Citrus crop losses due to fruit flies along with insecticide use in Morocco are both expected to drop as the country begins to develop capacities in nuclear techniques as part of its pest control management plans. Known as the Mediterranean fruit fly, this insect is a key pest of Morocco’s production of citrus fruit — one of the country’s major domestic and export commodities.
“The Mediterranean fruit flies can infest and destroy an entire crop, and without proper management, it can be a total loss for the season,” said Ahmed Bentouhami, Director General of the National Plant Protection Office of Morocco. The country produces over 2.3 million tonnes of citrus fruits, like oranges and clementines, per year, so these types of losses can have a significant economic impact, he said. “The sterile insect technique [a nuclear technique] is one tool that can be combined with others to effectively manage the fruit fly problem.”
Environmentally friendly alternative
The sterile insect technique, or SIT, is a cost-effective and environmentally friendly method of pest control that uses ionizing radiation to sterilize male fruit flies that are mass-produced in special rearing facilities. The sterile males are systematically released mainly by air into fly-infested areas, where they mate with wild females that consequently do not produce offspring. As a result, if systematically applied over larger areas, this technique can effectively and sustainably suppress pest populations.
Currently, Morocco relies primarily on chemical pesticides to manage this insect pest, but this is not sustainable as there are negative environmental effects, resistance to pesticides is increasing and some consumers are concerned about the extensive use of chemicals, said Moulay M’hamed Loultiti, President of Maroc Citrus, the country’s association of citrus producers.

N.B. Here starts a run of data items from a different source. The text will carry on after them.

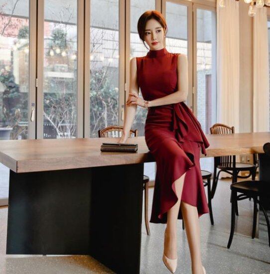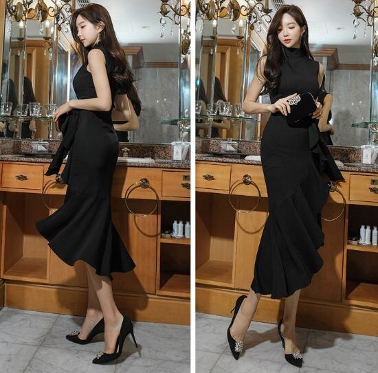 結婚式ドレス パーティードレス マーメイドドレス 結婚式 二次会 謝恩会 女子会 ノースリーブ 無地 大きいサイズ XL バーガンディ ブラック ワンピース ハイネック レディース タイト ひざ丈
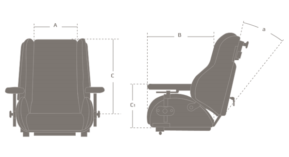 • при корректировке угла спинки поворотные точки проходят через тазобедренный сустав, это гарантирует, что положение головы и тела не изменится даже при откинутой спинке.
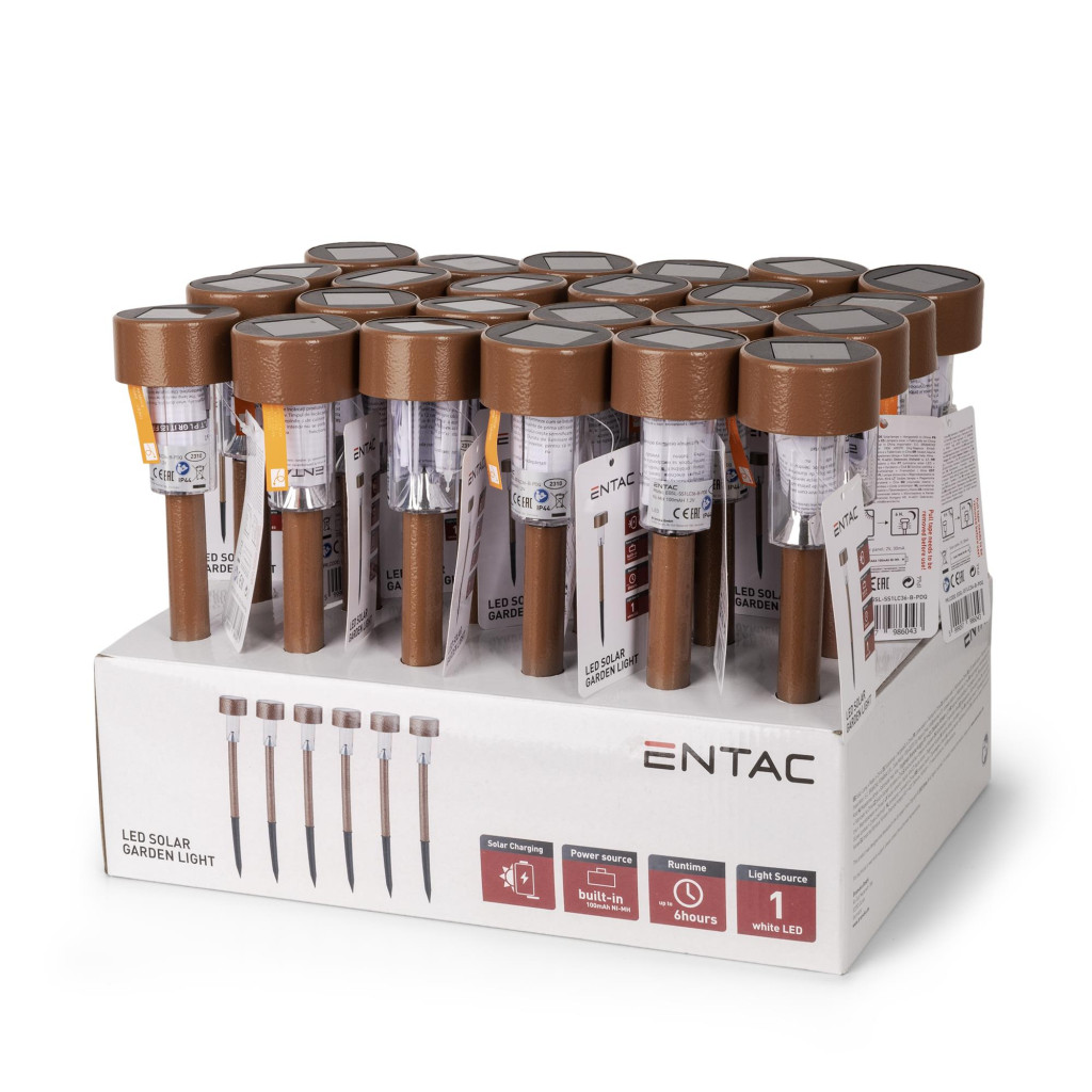 Az Entac rozsdamentes acél kerti szolár lámpa barna színű kivitelben esztétikus és praktikus megoldást kínál kerti utak, járdák, virágágyások vagy teraszok megvilágítására. A 360 mm magas lámpa elegáns megjelenésének köszönhetően természetesen illeszkedik a kerti környezetbe, a barna színű ház pedig különösen jól mutat természetes burkolatok vagy fa kiegészítők mellett.

“Many people want less chemicals on their food; there can be residues from the chemical pesticides, and these can get into the consumer goods, so we must carefully regulate these chemicals,” said M’hamed Loultiti. “Over time, these chemicals are also becoming less effective, which means more would have to be used. SIT offers another way to safely address the flies so we do not have to rely only on chemicals.”
With this project, we expect to be able to eventually produce around 200 million sterile male fruit flies per week and release them over 100 000 hectares of production areas. Step-by-step, we hope to increase the area that we cover to extend over a large part of the country.